— Отставить драку! — кричит Сан Саныч — старенький лысенький сторож, случайно оказавшийся рядом с полем боя. — Ить, я вас…
Чувствую, как чьи-то руки, ухватив меня за талию, пытаются оттащить меня от Лидки. Я рычу и сопротивляюсь, но меня все-таки отрывают от нее и ставят на землю, по-прежнему не выпуская из рук.
— Пусти меня немедленно! — кричу я на оттеснившего меня от Лидки парня.
Во мне клокочет ненависть. К Лидке, к Сан Санычу, к тому верзиле, что держит меня сейчас за плечи. Пытаясь отдышаться, глотаю ртом воздух, одновременно делая тщетные попытки сдуть прилипшую ко лбу челку. Ищу глазами обидчицу. Вот она, сидит рядом на стуле и рыдает. Рыжие волосы растрепаны, как у домового, губы дрожат, плечи дрожат — вообще вся она дрожит, а на щеке царапина. Неожиданно для самой себя успокаиваюсь и самодовольно улыбаюсь. Заслужила.
— Что тут произошло? — в столовую влетает встревоженная Света. На ее лице — ужас и непонимание. Но, как только она видит меня, злую и помятую, все ее чувства сменяются на одно — ярость. Вот теперь она действительно разгневана.
Я одергиваю кофточку, пытаясь привести себя в нормальный вид.
— Ничего особенного, — не глядя на Свету, роняю я как бы между прочим. — Одна рыжая обезьяна взбесилась…
— Ну все. Это уже ни в какие рамки не влезает, — цедит она сквозь зубы.
Вожатая подходит ко мне, запускает свои пальцы мне в воротник и, словно котенка, за шкирку тащит к выходу.
Последнее, что я вижу, прежде чем меня выталкивают в коридор — красную и злую Лидку, выкрикивавшую обвинения в мой адрес.
— Ты немедленно напишешь объяснительную, — шипит мне на ухо Света. — И, если это еще хоть один раз повторится, можешь собирать чемоданы.
— С радостью! — выпаливаю я, пытаясь вывернуться из стальной хватки вожатой.
— Отлично, — Света пытается говорить ровным тоном, но, надо признать, у нее это плохо выходит. — Тогда я сейчас же позвоню отцу.
До самого ее кабинета мы идем молча.
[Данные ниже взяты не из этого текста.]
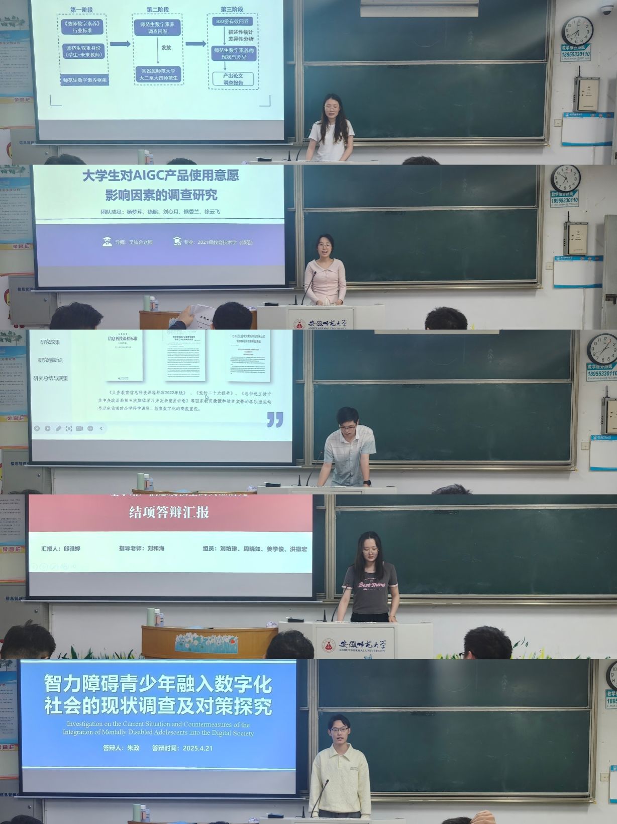 答辩会分为项目汇报、专家点评两个环节。21级教育技术学专业共有5个国家级立项项目小组参加,项目选题丰富多样,分别为“教育数字化转型下师范生数字素养现状调查研究”、“老员工对chatgpt类产品使用意愿影响因素的调查研究”、“‘高速摄影’和‘延时摄影’在科普教育资源中的应用研究”、“老员工利用B站资源持续学习的影响因素分析——基于用户满意度模型的实证研究”和“智力障碍青少年融入数字化社会的现状调查及对策探究”。2021级本科生依次围绕项目背景、研究过程、成果创新及实践价值等内容进行结题陈述。评审专家结合项目成果材料及现场答辩表现,对项目的完成度、学术规范性和应用潜力进行综合评议,并针对性提出改进建议。

Похоже, я побила все рекорды. И, в итоге, добилась того, что меня все-таки заберут отсюда.
Радуюсь, но мой триумф омрачает сознание того, что мне все-таки влетит, и влетит нехило. С моим отцом шутки плохи.
Света распахивает дверь своего кабинета и вталкивает меня внутрь. Заходит следом и старательно запирает дверь на ключ, словно боится, что я удеру. Кивает мне на стул. Сажусь. Вожатая подходит к своему письменному столу, достает из верхнего ящика бумагу и ручку и торжественно вручает мне.
— Пиши, — велит она, становясь рядом со мной и складывая руки на груди.
Ее тонкие губы плотно сжаты, глаза горят злобой. В какой-то момент мне кажется, что она вот-вот меня ударит.
Сразу вспоминается школьный директорский кабинет, в котором мне порой приходилось коротать вечера, выслушивая нравоучения умудренного жизнью старца. Все наши с ним встречи сводились к одному: я — трудный ребенок, на воспитание которого в детстве тратили чрезвычайно мало времени. Соглашусь не со всем. Мои родители, даром что сверхзанятые люди, меня любили. Признаю, что воспитанием моим занималась вредная наемная нянька, которая ненавидела меня всеми чакрами души. И которую я ненавидела не меньше. Ну, а что характер трудный, то с этим уже ничего не поделаешь.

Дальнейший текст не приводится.